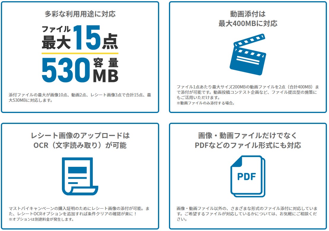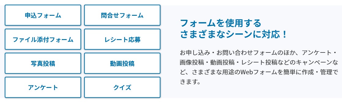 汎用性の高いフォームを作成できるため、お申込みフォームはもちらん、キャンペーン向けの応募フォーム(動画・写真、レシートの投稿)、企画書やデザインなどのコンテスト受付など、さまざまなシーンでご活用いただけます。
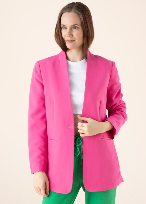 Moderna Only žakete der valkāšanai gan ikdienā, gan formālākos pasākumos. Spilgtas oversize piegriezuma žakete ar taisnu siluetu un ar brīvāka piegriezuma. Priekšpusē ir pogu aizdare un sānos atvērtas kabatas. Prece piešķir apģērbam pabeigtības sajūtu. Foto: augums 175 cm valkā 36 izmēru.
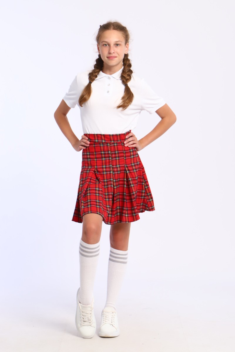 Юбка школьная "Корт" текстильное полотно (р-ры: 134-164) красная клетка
━━━━━━━━━━━━━━━━
To do
In your copy of the listing above, reproduce each line exactly and omit all pictures.

The answer
 汎用性の高いフォームを作成できるため、お申込みフォームはもちらん、キャンペーン向けの応募フォーム(動画・写真、レシートの投稿)、企画書やデザインなどのコンテスト受付など、さまざまなシーンでご活用いただけます。
 Moderna Only žakete der valkāšanai gan ikdienā, gan formālākos pasākumos. Spilgtas oversize piegriezuma žakete ar taisnu siluetu un ar brīvāka piegriezuma. Priekšpusē ir pogu aizdare un sānos atvērtas kabatas. Prece piešķir apģērbam pabeigtības sajūtu. Foto: augums 175 cm valkā 36 izmēru.
 Юбка школьная "Корт" текстильное полотно (р-ры: 134-164) красная клетка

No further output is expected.